Your goal: Write the listing below out again word for word, without a single picture.

Source records:

◇ ◇ ◇ ◇ ◇

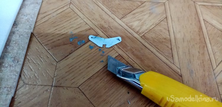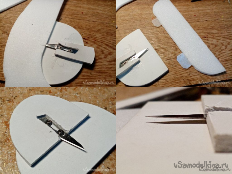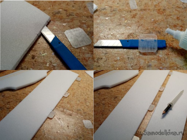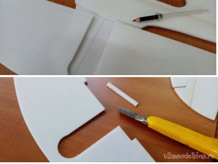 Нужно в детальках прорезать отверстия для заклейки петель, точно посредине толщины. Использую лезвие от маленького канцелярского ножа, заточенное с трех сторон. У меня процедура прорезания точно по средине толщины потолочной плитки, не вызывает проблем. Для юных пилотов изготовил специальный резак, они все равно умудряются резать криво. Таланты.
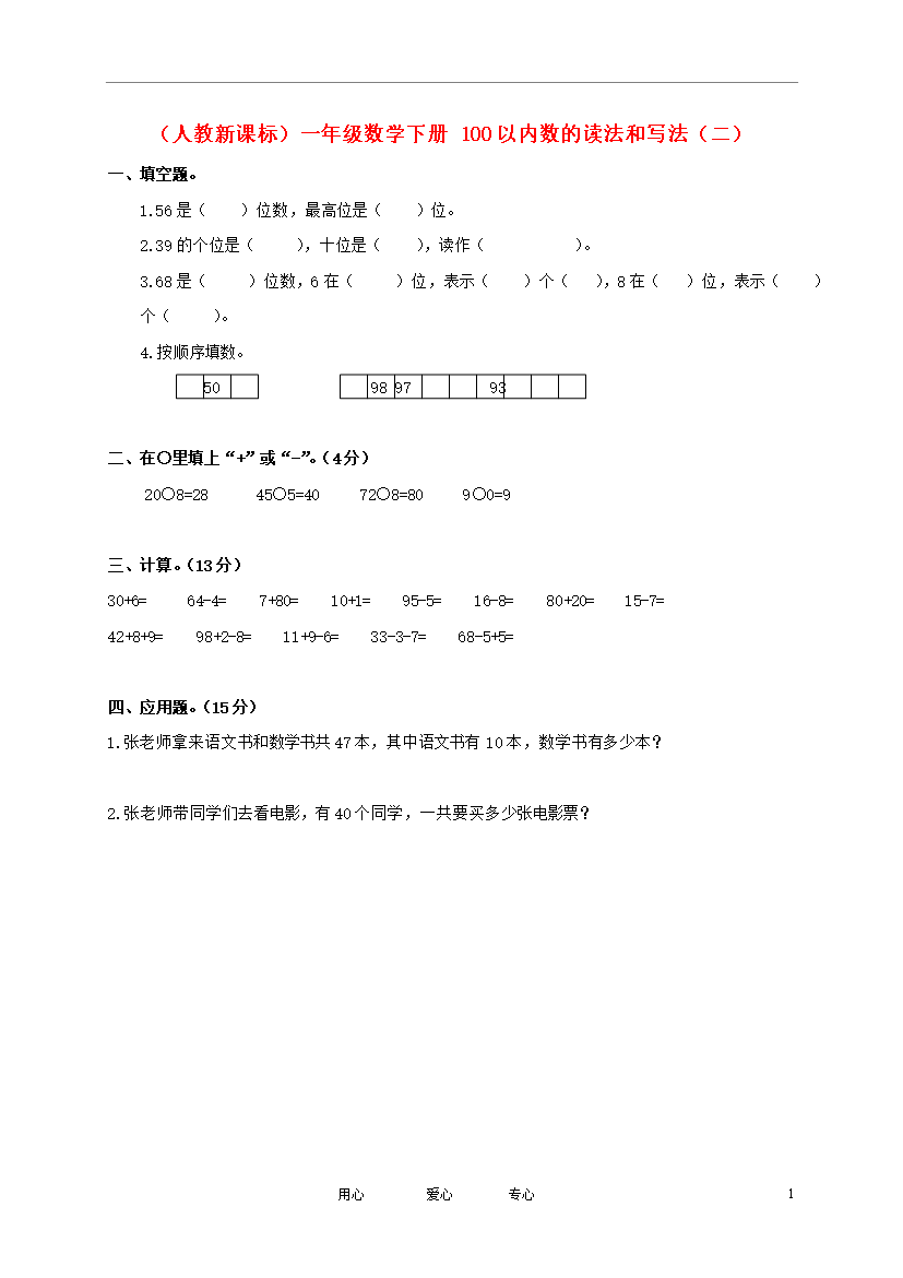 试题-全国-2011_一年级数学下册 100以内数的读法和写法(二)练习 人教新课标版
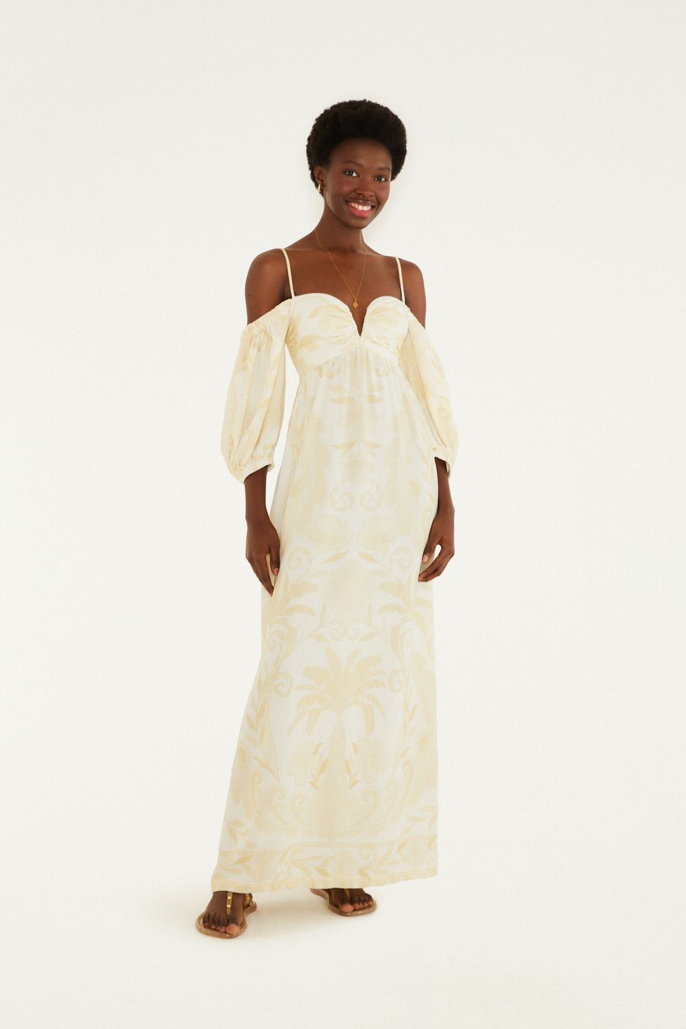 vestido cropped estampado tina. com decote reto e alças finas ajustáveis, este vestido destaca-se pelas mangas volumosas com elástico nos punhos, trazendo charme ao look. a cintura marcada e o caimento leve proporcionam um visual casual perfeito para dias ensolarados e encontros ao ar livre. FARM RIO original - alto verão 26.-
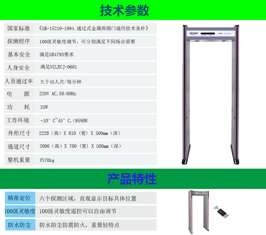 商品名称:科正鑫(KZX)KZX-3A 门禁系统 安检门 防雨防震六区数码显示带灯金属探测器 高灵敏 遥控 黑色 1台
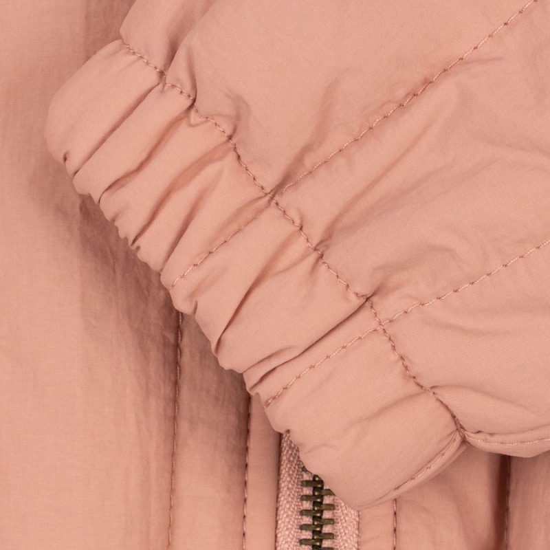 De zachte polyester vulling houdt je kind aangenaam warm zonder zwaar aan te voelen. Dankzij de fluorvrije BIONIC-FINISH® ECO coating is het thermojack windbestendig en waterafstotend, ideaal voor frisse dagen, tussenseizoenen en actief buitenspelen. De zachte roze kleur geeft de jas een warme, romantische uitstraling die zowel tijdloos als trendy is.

◇ ◇ ◇ ◇ ◇

Response to the task:
 Нужно в детальках прорезать отверстия для заклейки петель, точно посредине толщины. Использую лезвие от маленького канцелярского ножа, заточенное с трех сторон. У меня процедура прорезания точно по средине толщины потолочной плитки, не вызывает проблем. Для юных пилотов изготовил специальный резак, они все равно умудряются резать криво. Таланты.
 试题-全国-2011_一年级数学下册 100以内数的读法和写法(二)练习 人教新课标版
 vestido cropped estampado tina. com decote reto e alças finas ajustáveis, este vestido destaca-se pelas mangas volumosas com elástico nos punhos, trazendo charme ao look. a cintura marcada e o caimento leve proporcionam um visual casual perfeito para dias ensolarados e encontros ao ar livre. FARM RIO original - alto verão 26.-
 商品名称:科正鑫(KZX)KZX-3A 门禁系统 安检门 防雨防震六区数码显示带灯金属探测器 高灵敏 遥控 黑色 1台
 De zachte polyester vulling houdt je kind aangenaam warm zonder zwaar aan te voelen. Dankzij de fluorvrije BIONIC-FINISH® ECO coating is het thermojack windbestendig en waterafstotend, ideaal voor frisse dagen, tussenseizoenen en actief buitenspelen. De zachte roze kleur geeft de jas een warme, romantische uitstraling die zowel tijdloos als trendy is.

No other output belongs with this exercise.